Reproduce, exactly and only, the lines of the data that follows from the one containing "Bubble pigtails add" down to the one containing "sides >>> |", without pictures.

**** EXCERPTED RECORDS ****

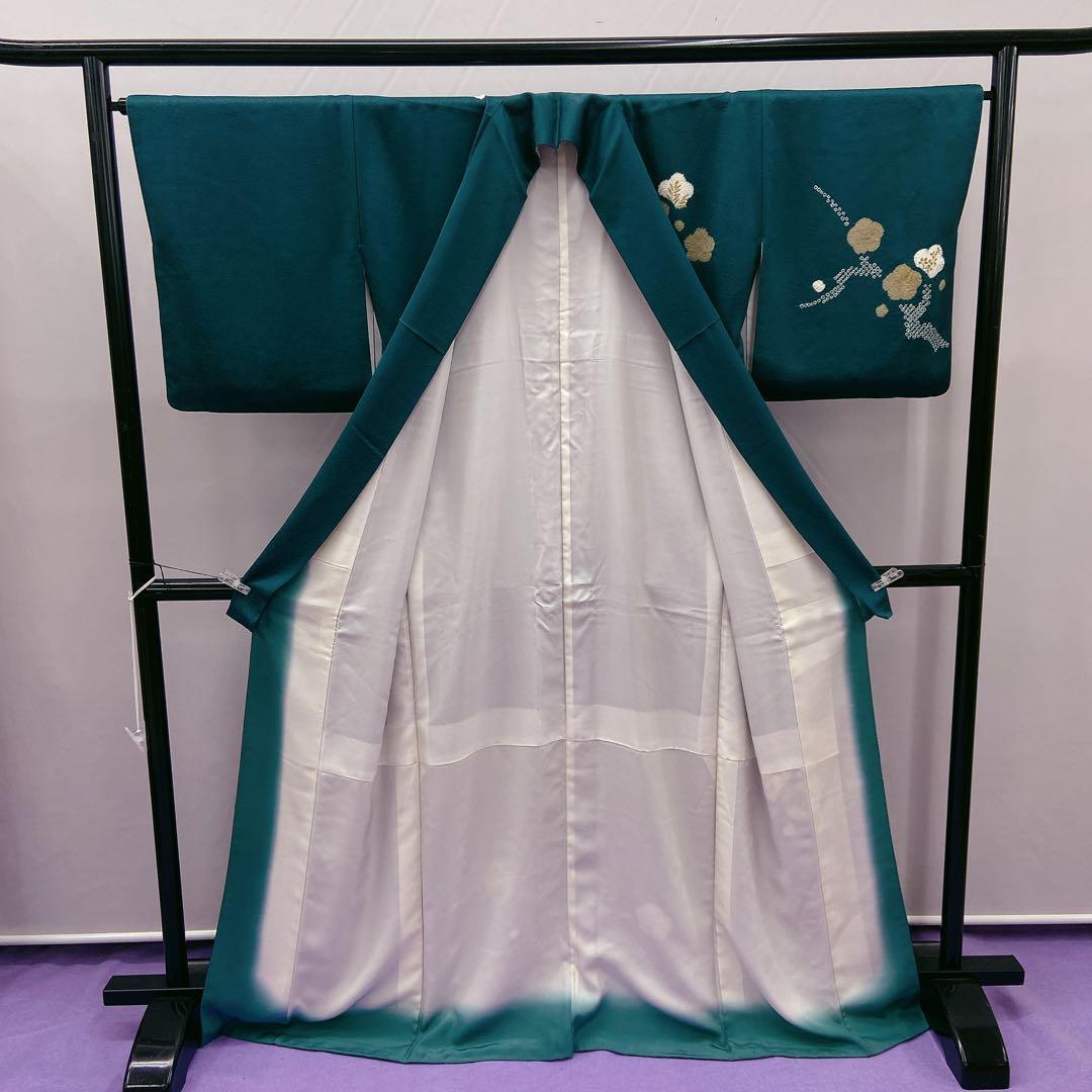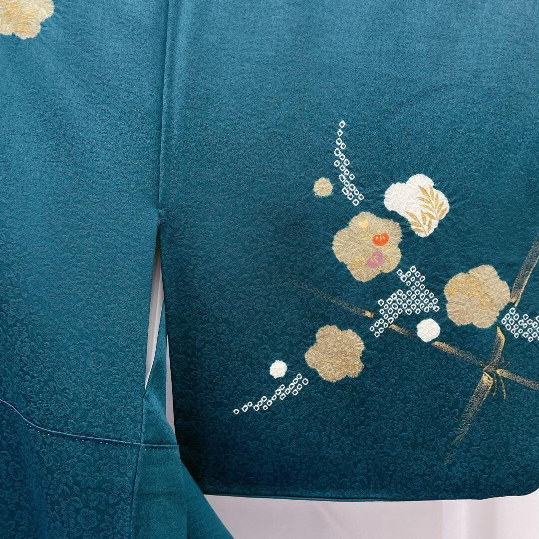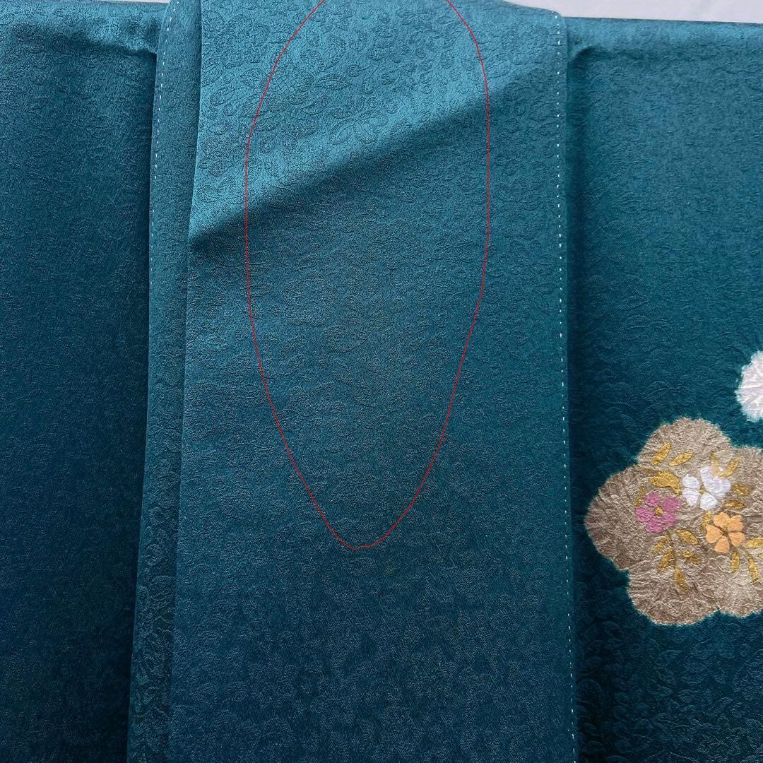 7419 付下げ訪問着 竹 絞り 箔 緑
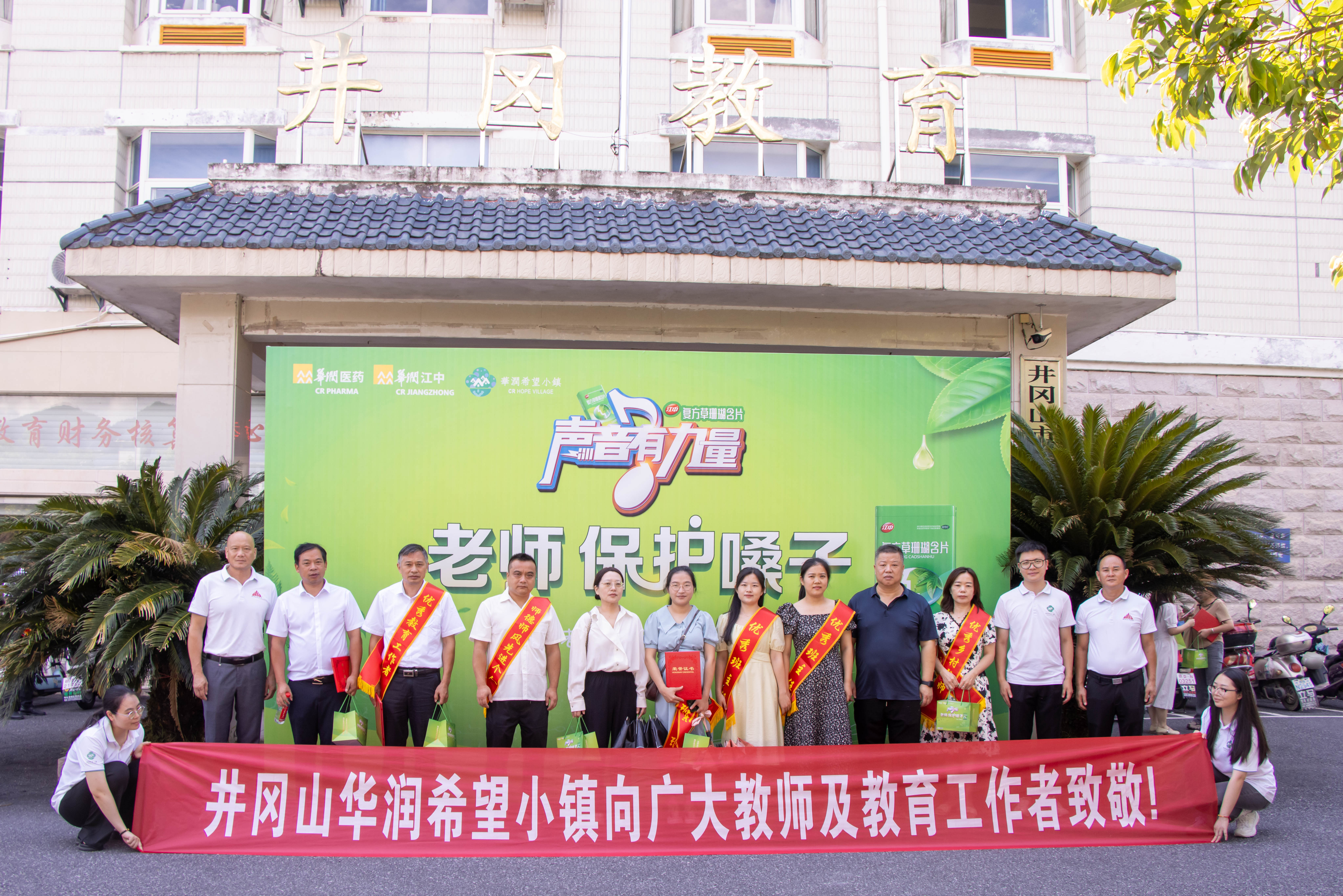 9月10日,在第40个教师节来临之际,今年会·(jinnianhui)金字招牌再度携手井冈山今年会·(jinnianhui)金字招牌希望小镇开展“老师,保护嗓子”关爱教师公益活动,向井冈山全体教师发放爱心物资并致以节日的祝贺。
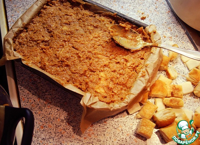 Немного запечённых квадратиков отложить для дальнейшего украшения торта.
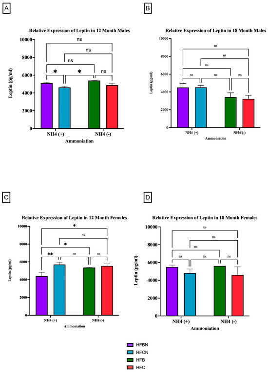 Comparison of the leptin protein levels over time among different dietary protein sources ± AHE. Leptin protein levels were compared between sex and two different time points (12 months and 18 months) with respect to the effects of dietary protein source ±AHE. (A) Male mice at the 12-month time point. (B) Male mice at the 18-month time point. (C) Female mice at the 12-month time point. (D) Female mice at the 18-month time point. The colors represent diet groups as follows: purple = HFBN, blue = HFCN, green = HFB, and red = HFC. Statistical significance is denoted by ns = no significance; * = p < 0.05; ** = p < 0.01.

****
**** EXCERPTED RECORDS ****

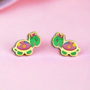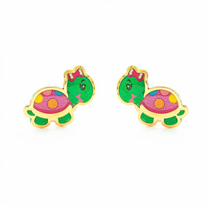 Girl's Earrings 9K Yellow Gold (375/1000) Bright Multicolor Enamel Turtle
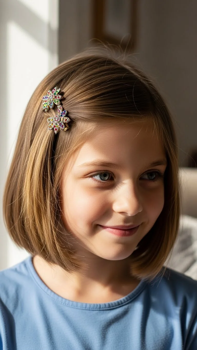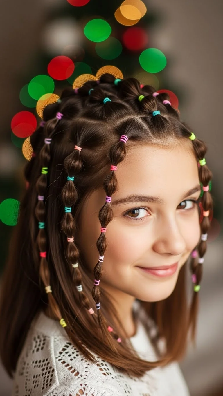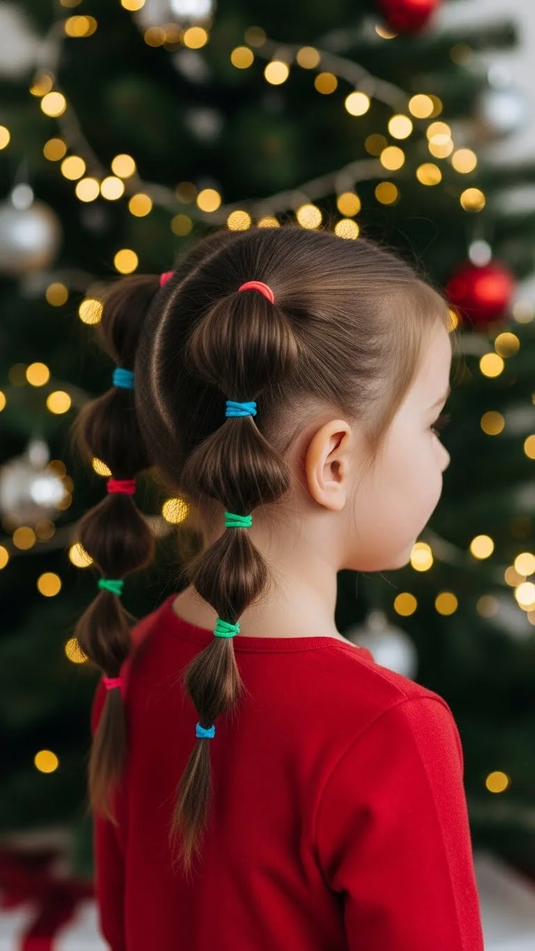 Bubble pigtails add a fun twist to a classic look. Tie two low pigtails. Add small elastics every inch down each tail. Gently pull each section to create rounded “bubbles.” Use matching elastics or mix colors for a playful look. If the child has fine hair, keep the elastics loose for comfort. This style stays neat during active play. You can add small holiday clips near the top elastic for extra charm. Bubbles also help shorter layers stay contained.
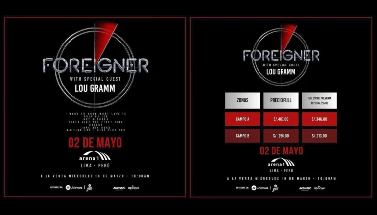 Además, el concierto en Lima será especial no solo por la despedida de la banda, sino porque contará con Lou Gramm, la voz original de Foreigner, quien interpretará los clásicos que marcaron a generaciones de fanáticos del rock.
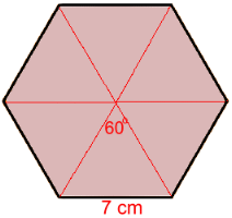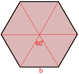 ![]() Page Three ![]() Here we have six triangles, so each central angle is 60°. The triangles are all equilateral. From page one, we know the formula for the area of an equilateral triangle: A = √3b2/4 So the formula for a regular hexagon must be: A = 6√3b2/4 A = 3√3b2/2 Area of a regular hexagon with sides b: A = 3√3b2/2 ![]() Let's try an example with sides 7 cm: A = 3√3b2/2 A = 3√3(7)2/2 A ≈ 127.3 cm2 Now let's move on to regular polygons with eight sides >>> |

****
**** EXCERPTED RECORDS ****

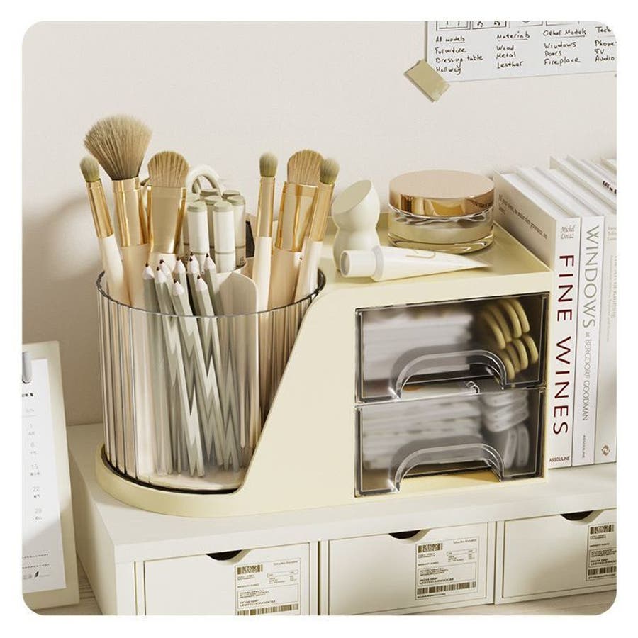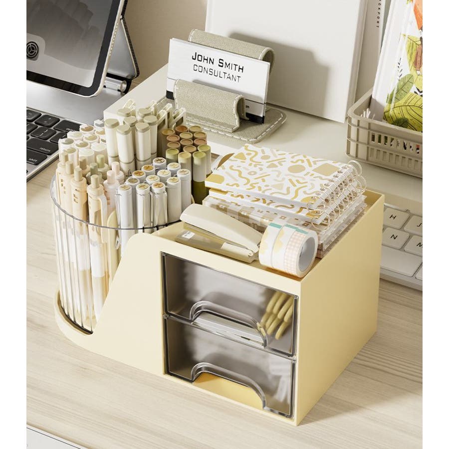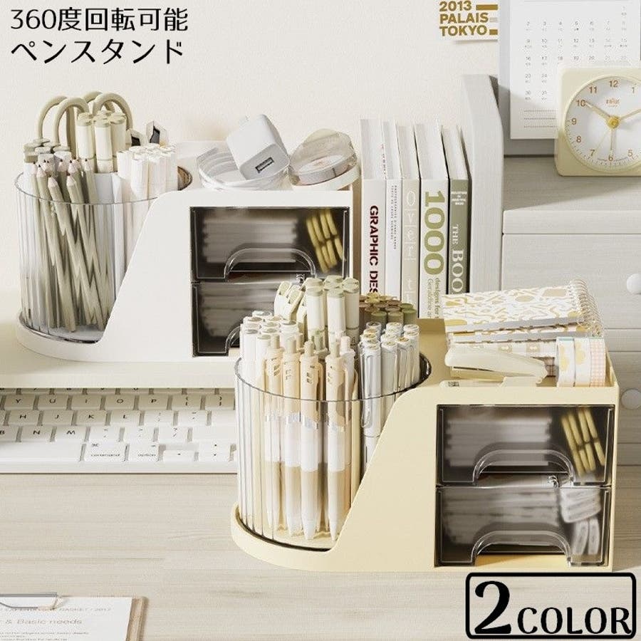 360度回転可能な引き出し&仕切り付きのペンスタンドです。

****

REPLY:
 Bubble pigtails add a fun twist to a classic look. Tie two low pigtails. Add small elastics every inch down each tail. Gently pull each section to create rounded “bubbles.” Use matching elastics or mix colors for a playful look. If the child has fine hair, keep the elastics loose for comfort. This style stays neat during active play. You can add small holiday clips near the top elastic for extra charm. Bubbles also help shorter layers stay contained.
 Además, el concierto en Lima será especial no solo por la despedida de la banda, sino porque contará con Lou Gramm, la voz original de Foreigner, quien interpretará los clásicos que marcaron a generaciones de fanáticos del rock.
 ![]() Page Three ![]() Here we have six triangles, so each central angle is 60°. The triangles are all equilateral. From page one, we know the formula for the area of an equilateral triangle: A = √3b2/4 So the formula for a regular hexagon must be: A = 6√3b2/4 A = 3√3b2/2 Area of a regular hexagon with sides b: A = 3√3b2/2 ![]() Let's try an example with sides 7 cm: A = 3√3b2/2 A = 3√3(7)2/2 A ≈ 127.3 cm2 Now let's move on to regular polygons with eight sides >>> |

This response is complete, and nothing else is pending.